What's missing and will not be corrected in 10 years is the ubiquity of the television. Television is in everybody's home, and that isn't going to happen with the Internet. Maybe we'll get to 50%. This produces a technology version of haves and have-nots. Information is gold, there's that. But also schools that have the Net will have higher scores than those that don't. And that gulf will only widen. That's rather disheartening.

People ask me about the distribution of music over the Internet. My heart says one thing, and my wallet says another. Once everyone has his own CD-burning machine, you will put together the album of your dreams. That's what I'd like to do: Go to a heavyweight blues category and take down a particular track by Robert Johnson or John Lee Hooker. I'd be quite willing to pay per track.

The record corporations are just like King Harold, sitting there on the beach, on this throne, trying to order the sea back. They don't stand a chance. The industry isn't going to come crashing down, but [custom albums online] will be integrated into a new way of selling. They will not be able to stop this. There are too many little independent companies keen to do real online downloading. They will become so popular that, by force, corporations will have to capitulate. When there's a dollar in it, watch their knees bend.

Everyone talks about wearable computers in the years to come.
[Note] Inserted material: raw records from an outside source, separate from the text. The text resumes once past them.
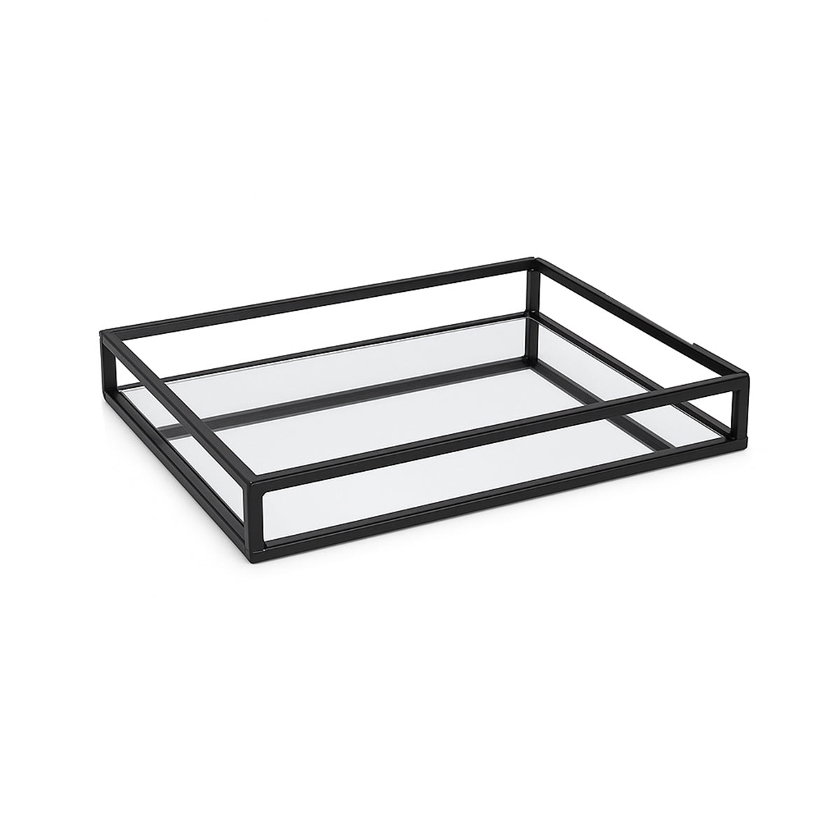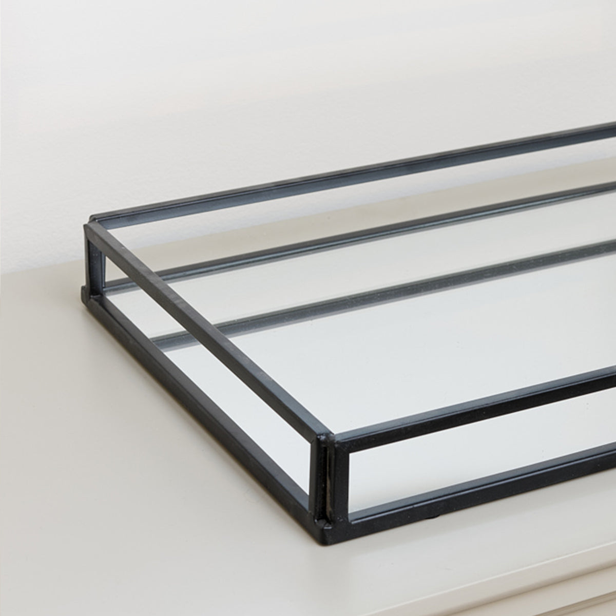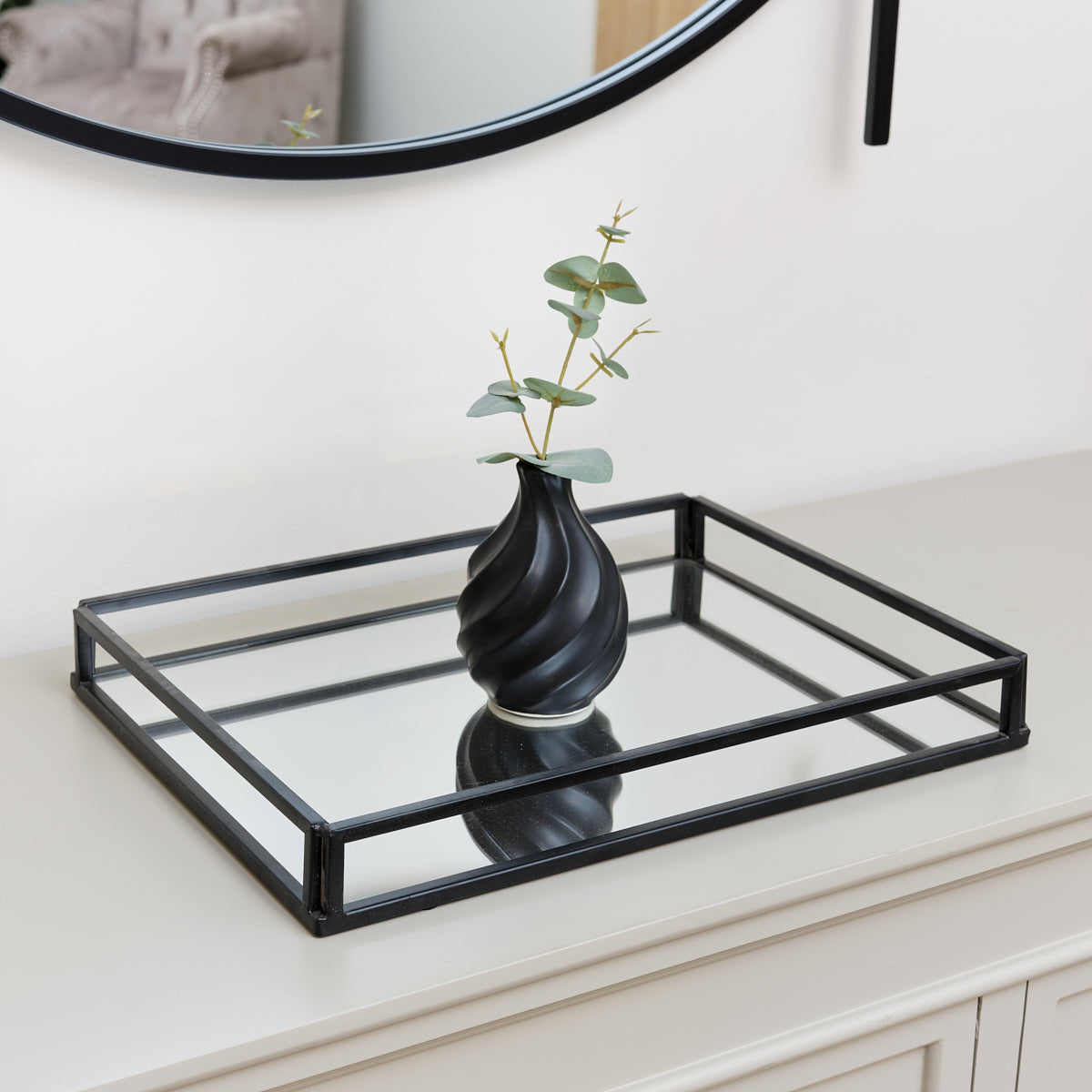 This gorgeous mirrored black display tray is perfect for displaying your accessories or for serving food and drinks when guests come over. Perfect for Living rooms, Dining rooms, Kitchens or Bedrooms to display candles, photo frames, jewellery or plants! Add practicality and style to your home at the same time. The reflective mirrored base enhances the sense of light and depth around it’s room helping to open up that space! This mirrored tray could also be used as a chic centerpiece or an organiser for your dressing table providing both versatility and aesthetic appeal. Due to it’s size and being light weight this tray is easily moved around and rearranged as needed. The combination of it’s clean lines and mirrored surface makes it the ideal decor choice for modern, industrial or minimalist interiors.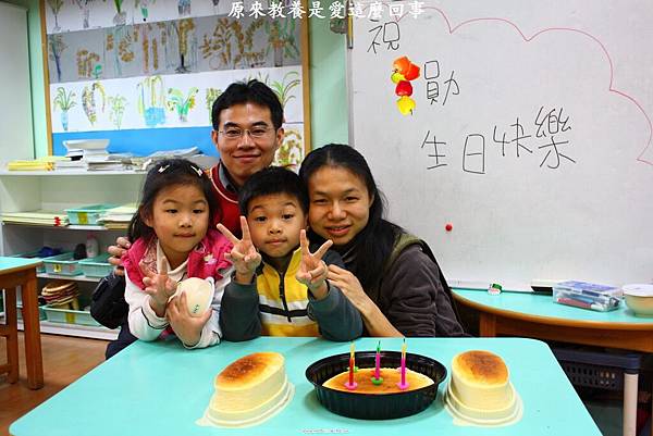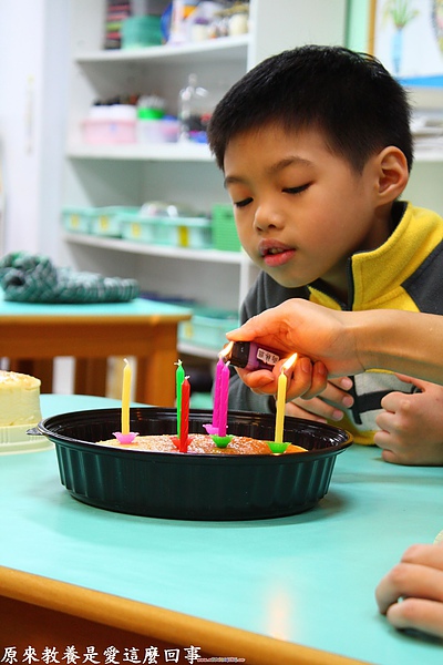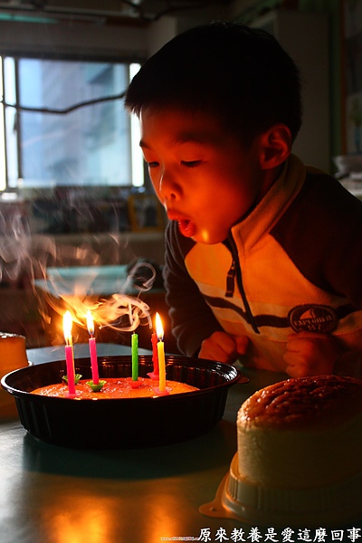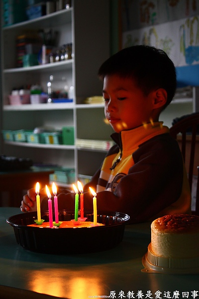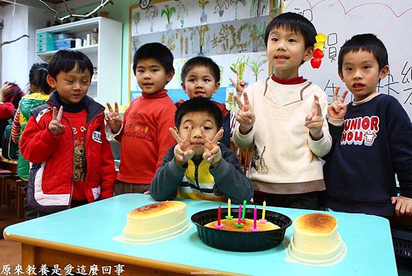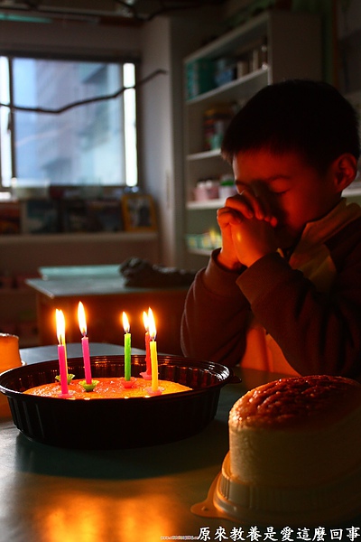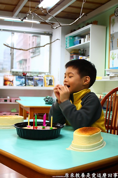 明天是勛的生日,老早,他就盤算好宴請老師和同學的生日蛋糕。媽媽,我要一個很大很大的乳酪蛋糕。勛一面形容,一面雙手高高舉起在胸前畫了一個很大的圓,繞過了他頂上的那顆小圓頭,和包括肚臍以下鼓脹的肚皮。就是我以前生日吃過的那種,不過是要圓形的。勛補充說明。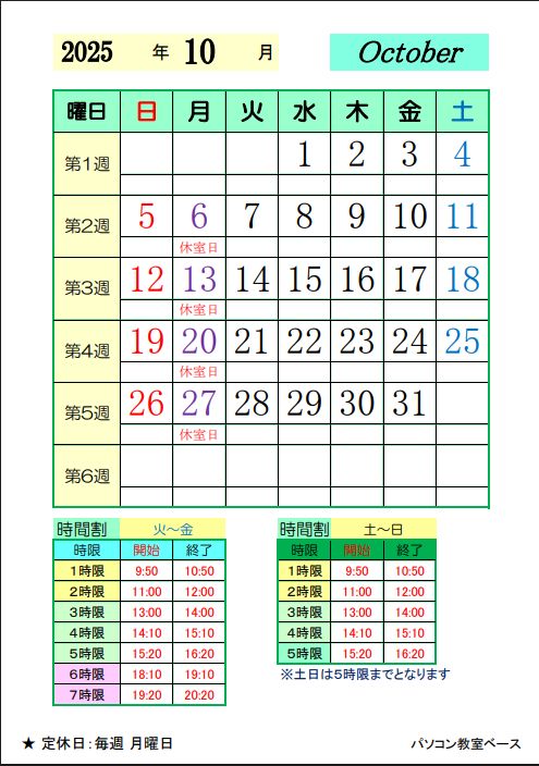 営業カレンダーの2025年(令和7年)10月および11月分を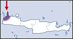 This species is endemic to Greece, where it is restricted to north-west Crete, from Platanos in the west to Kakopetros in the east, and the Rodopou peninsula in the north.[3][4]
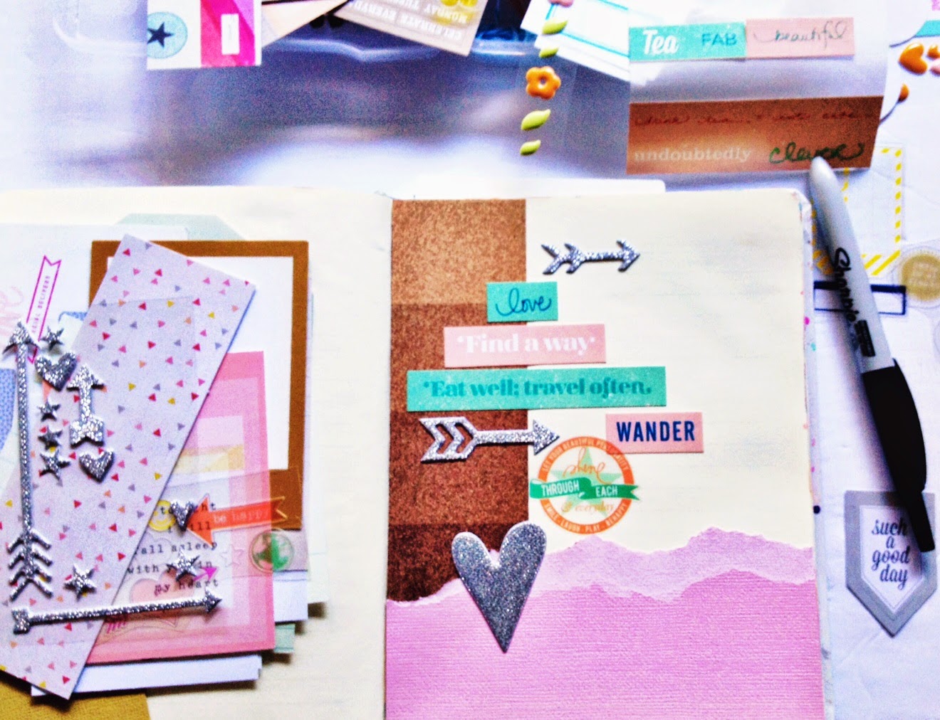 I also like to take a few detail shots. For these I get down right next to the layout and shoot a few pictures with a lower aperture, typically f2.8. I like to do this so you can see the dimension in the embellishments that I've used.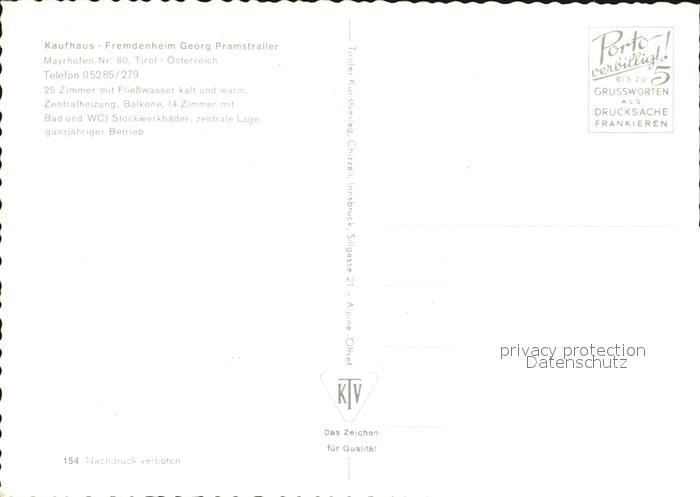 72443751 Mayerhofen Kaufhaus Fremdenheim Georg Pramstaller postalisch nicht gelaufen Erhaltung siehe scans KatCode: 11110009189152

Whether I go for that has an awful lot to do with who designs them; I'm quite fastidious about what I wear [laughs]. These huge vinyl boots -- when you're 18, that's OK, but not when you're 52. You hear about air-conditioned cooling suits or visor helmets so we can watch stock options flash before our eyes while we send E-mail from our wristwatches. It's all too silly.

Within the home, I love the idea of intelligent buildings completely wired, though I don't think I'd have anything like the Bill Gates house. I don't want it to look like you're living inside HAL -- thought I don't mind HAL living with me. But I like old-fashioned paintings on my wall. No flat video representations of them, either. I want to touch the paint and feel statues.

As pieces of my body start falling apart, I'll have them all replaced. All the ones that make life worth living -- I'm talking of the brain, of course [laughs].

I suspect that I won't be living in a very different fashion in 2008. Why I fight the idea that my lifestyle would change is because it really didn't change that radically in the last 20 years. I don't see why it would in the next 10.

There's a built-in expectation [created] by the stupid millennium business. The buildup to the millennium is going to cause this agitated state between exhilaration and panic. Next year could be a frightening year. There will be such an enormous letdown when you wake up in 2000 and realize it's just another rainy Tuesday and your life hasn't changed, for the better or worse.

The biggest lifestyle change will be for parents and children. Unless parents get themselves computer-literate, there will be a real disparity in knowledge and reference points. The child will think the parent is stupid, and the parent will become bitter and angry that he can't understand things.

In 1999, Kim S. Nash was a senior writer at Computerworld and is now a senior writer at The Wall Street Journal.